Task to complete. The part below that opens with the line containing "Steckdosen sind auf" and closes with the line containing "1897 (May 10)" should be copied exactly, minus any pictures.
===== Entries supplied
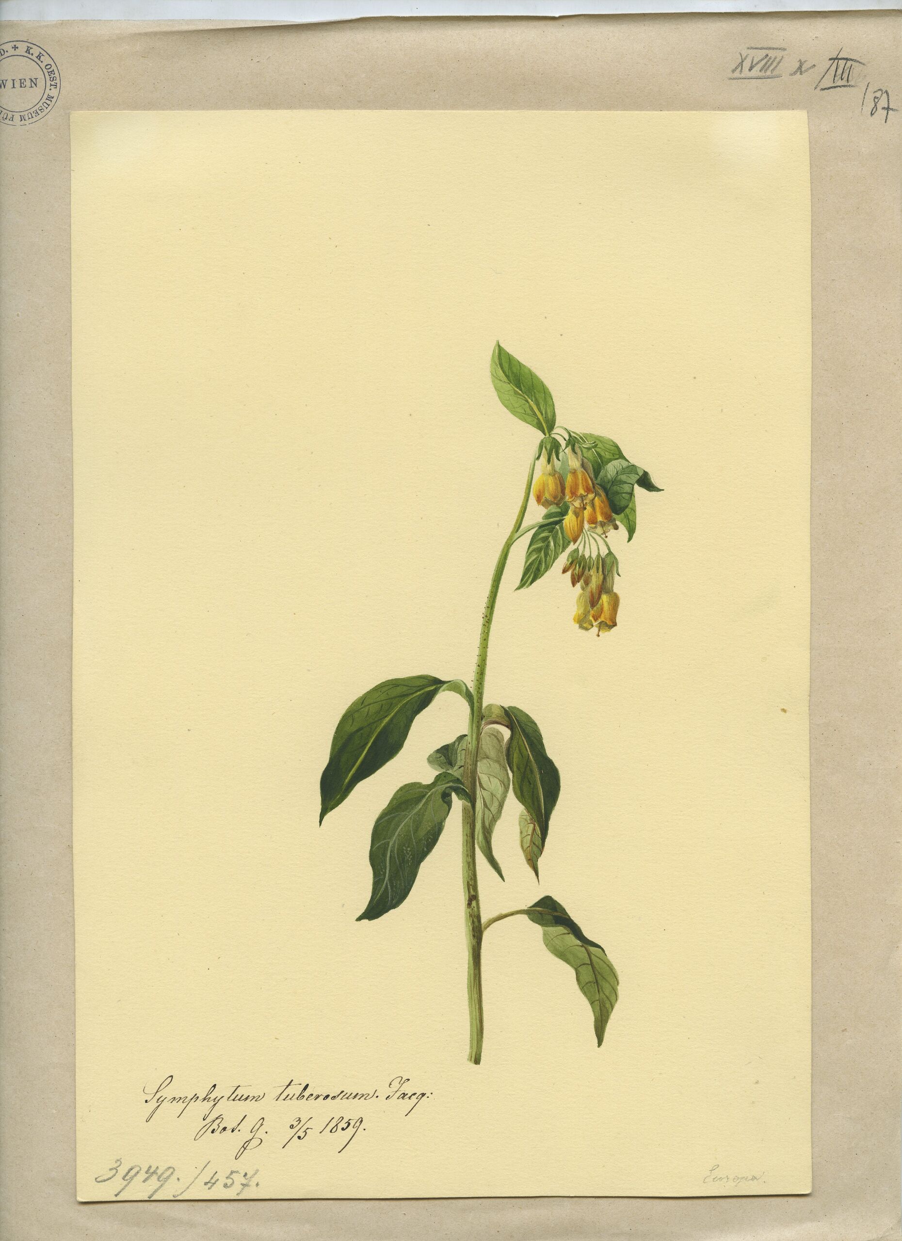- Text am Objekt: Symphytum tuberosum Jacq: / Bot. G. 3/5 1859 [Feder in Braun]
==========
===== Entries supplied
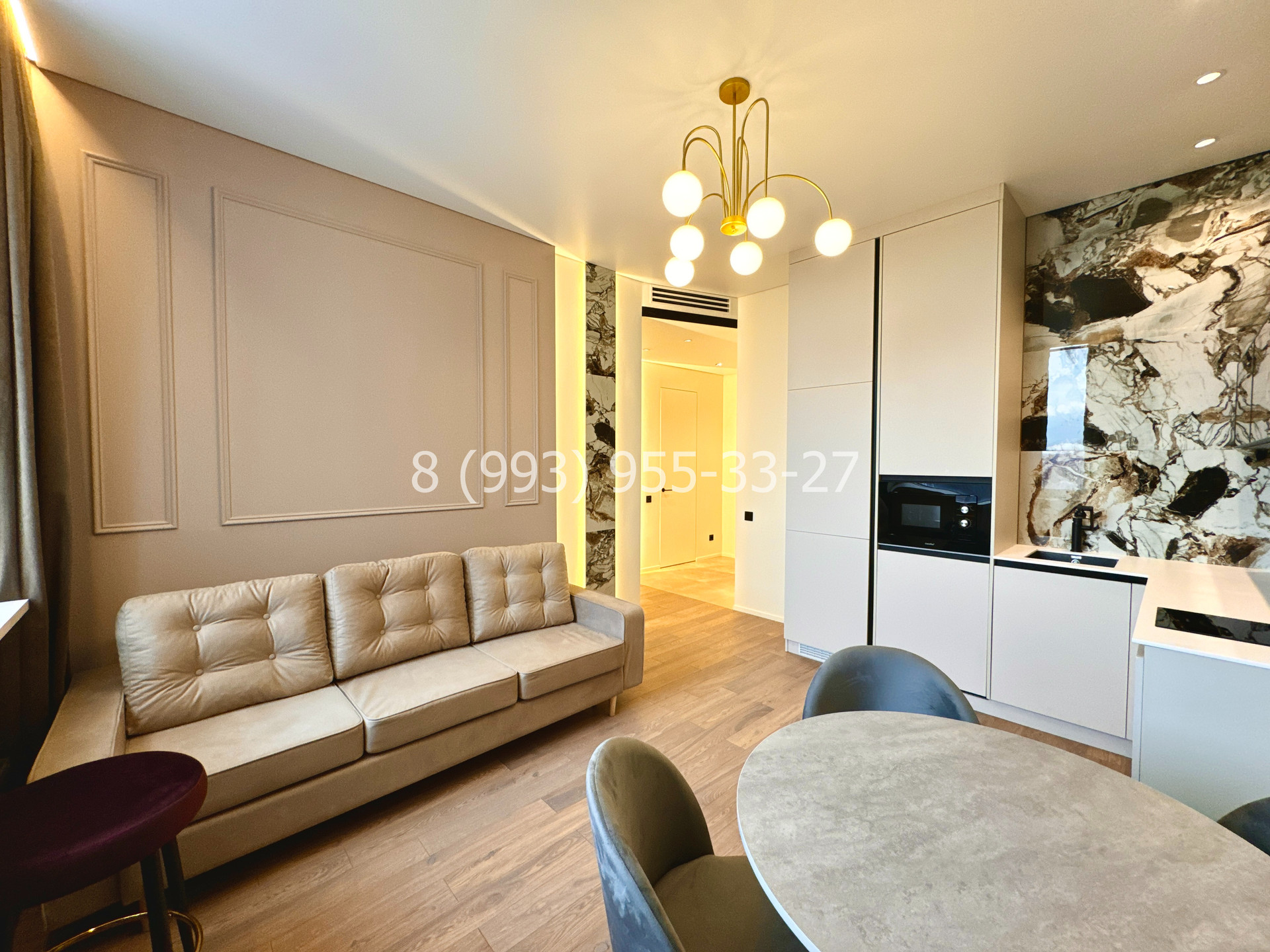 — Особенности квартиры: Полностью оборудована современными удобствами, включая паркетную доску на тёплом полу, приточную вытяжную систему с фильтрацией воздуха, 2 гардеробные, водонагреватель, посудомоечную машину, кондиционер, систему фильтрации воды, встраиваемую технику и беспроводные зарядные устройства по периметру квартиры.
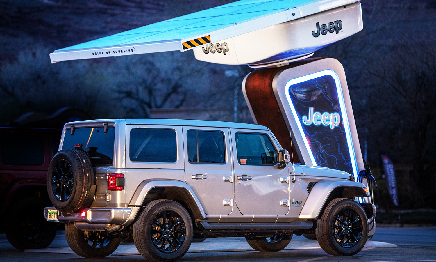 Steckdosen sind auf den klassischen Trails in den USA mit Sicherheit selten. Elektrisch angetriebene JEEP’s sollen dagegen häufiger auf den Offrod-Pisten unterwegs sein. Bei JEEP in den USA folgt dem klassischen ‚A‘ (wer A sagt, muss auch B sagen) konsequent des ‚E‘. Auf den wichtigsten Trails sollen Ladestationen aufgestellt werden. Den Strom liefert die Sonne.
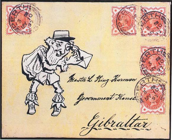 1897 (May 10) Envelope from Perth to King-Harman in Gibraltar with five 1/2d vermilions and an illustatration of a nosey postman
==========
Reply to the exercise.
 Steckdosen sind auf den klassischen Trails in den USA mit Sicherheit selten. Elektrisch angetriebene JEEP’s sollen dagegen häufiger auf den Offrod-Pisten unterwegs sein. Bei JEEP in den USA folgt dem klassischen ‚A‘ (wer A sagt, muss auch B sagen) konsequent des ‚E‘. Auf den wichtigsten Trails sollen Ladestationen aufgestellt werden. Den Strom liefert die Sonne.
 1897 (May 10) Envelope from Perth to King-Harman in Gibraltar with five 1/2d vermilions and an illustatration of a nosey postman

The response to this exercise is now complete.